Respiratory infections peak during the winter months, and most people recover within a few weeks. But for those with a rare genetic lung disease, the sniffling, coughing and congestion never end. The tiny hairlike structures called cilia that normally sweep mucus through the airways don’t work properly in people with what’s known as primary ciliary dyskinesia. When the cilia don’t brush microbes away, it is hard to clear an infection and easy to get another one.
Most people with this disease carry mutations in one of the genes that build the proteins that form molecular motors inside cilia. A single misshapen piece of protein can make the whole machine grind to a halt. But a few people have errors in proteins that are not part of the motor. Until now, no one understood why their cilia don’t beat.
Researchers at Washington University School of Medicine in St. Louis report they have solved that puzzle: The nonmotor proteins are like factory workers who put the motor together. Mutations cause these proteins to assemble the motor incorrectly.
The findings are available in Proceedings of the National Academy of Sciences.

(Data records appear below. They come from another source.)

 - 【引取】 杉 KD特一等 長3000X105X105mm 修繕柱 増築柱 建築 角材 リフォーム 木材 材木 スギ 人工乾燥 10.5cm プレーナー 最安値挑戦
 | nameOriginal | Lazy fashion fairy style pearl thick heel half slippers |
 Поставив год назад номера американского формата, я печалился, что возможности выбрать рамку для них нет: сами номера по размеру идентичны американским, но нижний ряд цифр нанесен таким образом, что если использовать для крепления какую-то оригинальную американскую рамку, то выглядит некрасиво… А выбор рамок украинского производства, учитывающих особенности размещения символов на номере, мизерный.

“What’s unique is that these failed motors actually have all their parts, and they are fully formed and normal,” said senior author Steven Brody, MD, the Dorothy R. and Hubert C. Moog Professor of Pulmonary Medicine and a professor of radiology. “It’s like a machine that’s missing just one screw: Everything just falls apart. If we can find a way to hold the motor together, we may be able to treat the disease. This opens a whole new opportunity to screen for medications.”

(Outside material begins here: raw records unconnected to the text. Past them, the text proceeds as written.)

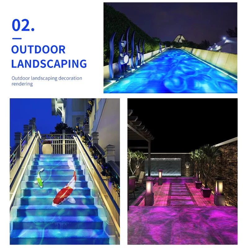 Dynamic Water Wave Gobo Projector LED, 5-Color IP67 Waterproof – 40W-600W
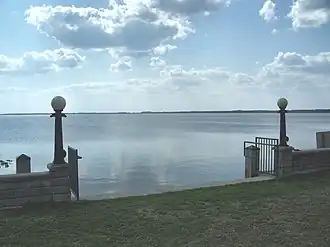 Lake Eustis is located in Central Florida, west of the city of Eustis. It covers approximately 7,000 acres (28 km2). It is spring fed and is a member of the Harris Chain of Lakes, and is connected to Lake Harris by means of the Dead River. It is also connected to the St. Johns River via Haines Creek to Lake Griffin, and the Ocklawaha River; and is connected to Lake Dora via the Dora Canal. The St. Johns River continues north to Jacksonville and the Atlantic Ocean, thus providing a connection from Lake Eustis to the Atlantic Ocean.
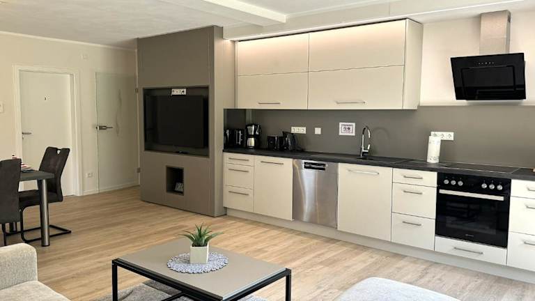 In jeder Wohneinheit gibt es ein Schlafsofa, einen Sitzbereich sowie einen Flachbild-TV mit Satellitenkanälen. Die gut ausgestattete Küche umfasst einen Kühlschrank, einen Geschirrspüler, einen Ofen, eine Kaffeemaschine und einen Wasserkocher. Das eigene Badezimmer ist mit einer Dusche und einer Badewanne ausgestattet.
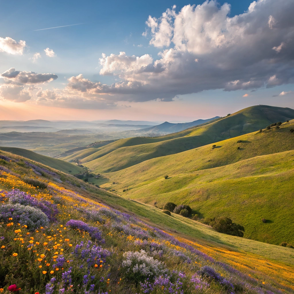 An inspiring landscape of rolling hills covered in vibrant wildflowers
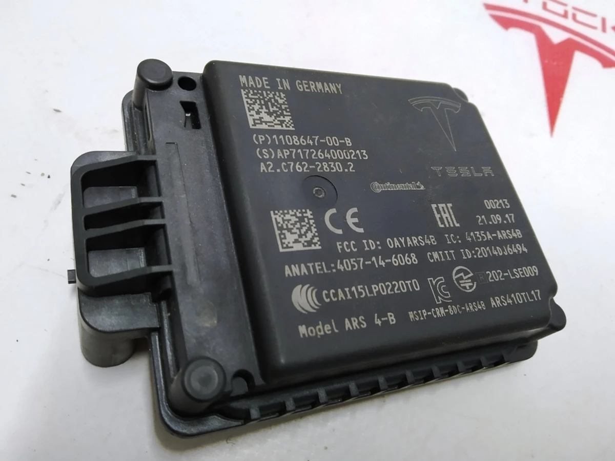 Radar autopilot AP 2.5 to Tesla electric car. One of the key components of the automatic piloting system of the machine. These Tesla parts control the situation outside the car, allowing the autopilot to quickly respond to external interference and obstacles to movement. The part has the brand mark of the American manufacturer, indicating the originality of the product. An electric car supplier from the United States strongly recommends that you do not use a car with a damaged radar for autopilot systems. In this case, it is necessary to quickly replace the failed component with genuine Tesla Model X spare parts.

Primary ciliary dyskinesia affects about one in 15,000 people. Mutations in more than 40 genes have been linked to the disease. Along with recurring respiratory infections, the disease also can cause infertility, as the same molecular motor that drives the cilia also powers the sperm and moves eggs along the female reproductive tract. There is no curative treatment for the disease; rather, doctors treat the patients’ recurrent sinus, ear and lung infections with antibiotics and therapies to relieve symptoms.
Amjad Horani, MD, an assistant professor of pediatrics and the study’s first author, treats about 30 children with primary ciliary dyskinesia at St. Louis Children’s Hospital, where he runs a specialty clinic.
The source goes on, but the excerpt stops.